Letters about the creative life by Warren Ellis, a writer from England. Was this forwarded to you? Subscribe.

INSPIRATIONS

📖 “Look for what you notice but no one else sees.” Rick Rubin’s THE CREATIVE ACT (UK) (US) is a book of aphorisms on the creative life, sometimes obvious, sometimes penetrating, sometimes exactly what you need to hear.

🎙️ “Lost In The Abyss…” is an amazing seven-hour mix from Dark Ambient Noisescapes, which I’ve been disappearing into for days.

🎞️ A 15-minute (French, English subtitles) portrait of composer Eliane Radigue, towards the end of her electronic mad scientist phase. I love seeing how people in creative fields other than mine do their work.

💭 “Comic books was telling about all kinds of inventions that they’d done today. I used to read them all the time. I go by the Bible in a lot of things. It says God takes foolish things to dumbfound the world. So I consider comic books as foolish things so I read all the comic books. Sure enough, they wrote about the first atomic bomb in a comic book, TV wristwatch, all these things in the comic books were happening.

Sun Ra, in conversation with David Toop, OCEAN OF SOUND

OPERATIONS

LAB MODE

I’ve been in what I think of as Lab Mode for the last week. In theory, I should switch over into Production Mode next week, but I think production will get put in a four-hour daily block and the rest of the time Lab Mode will persist. I was contacted the other day by a comics artist I admire about doing something together, and I have half-baked notions for other things piled up that I need to experiment upon.

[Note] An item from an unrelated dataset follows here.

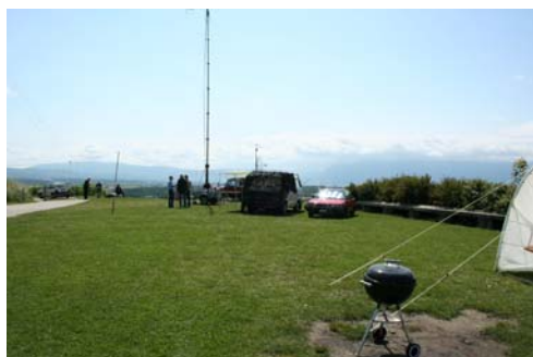
La station VHF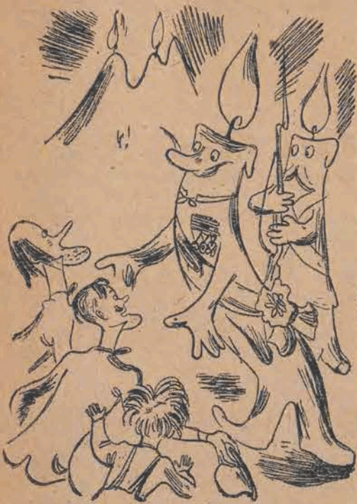
108. Wódz Gromnica, wraz ze swiata, Uroczyscie ich powital, I poprosil, by zechcieli Miasto zwiedzić przy niedzieli.

Lab Mode is the space where I invent shit. To the outside world, this looks remarkably like being in a trance. Harry Harrison:

Joan's mother, a paragon of virtues in all other ways, does not realize the basic needs of a writer or she would not have opened the door when I was writing, as she did once years ago when we were staying in her home, and say, 'Harry, since you aren't doing anything, would you go to the store for me.' A writer's family understands; my daughter knows when I have that glassy look in the eye and am staring into space that I am not to be disturbed because I am 'working'.

(From the book HELL’S CARTOGRAPHERS, this piece preserved online here)

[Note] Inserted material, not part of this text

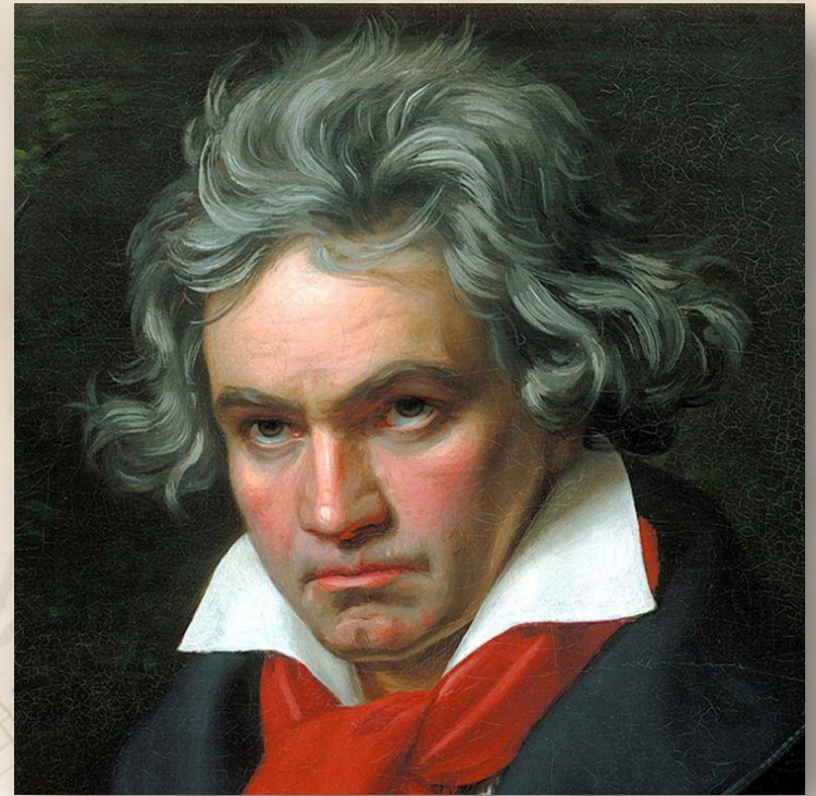
Людвиг ван Бетховен 1770-1827

Таким образом, композитор задает определенную программу образов.

This is where you sort through all the stuff you’ve shovelled on to the compost heap in the back of your head. The whole point of reading as widely as you can is to enrich that compost. If you want to write comics, read anything but comics, because comics are for studying. You need to drill down into comics to learn their tools and effects.

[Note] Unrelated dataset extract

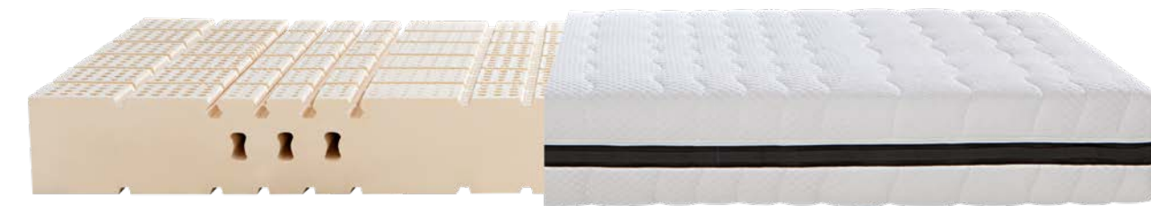
4. DORMABELL CLASSIC L 999,-

The thing you notice may be the thing nobody else sees.

That’s how you learn how to operate the medium. Everything else, you get from other artforms. Sounds counter-intuitive, but think about this: the formative influences on Brian Bendis were David Mamet and Aaron Sorkin.

(Same applies to artists: I spent half my time working with Tula Lotay talking about Tarkovsky.)

I’m running on internal resources, as it were: I’ve banned myself from buying new music or books (with specific get-out clauses for a few certain things), I’ve deleted a bunch of feeds out of my RSS reader and got rid of some newsletters. I’m mostly listening to what I already own, and my Kindle reading list is so long (and so riddled with half-read books) that I probably don’t need to buy another book all year anyway. Disconnecting and working with what I’ve got is much more interesting to me right now than having my head out in the streams all day looking for shiny new fish.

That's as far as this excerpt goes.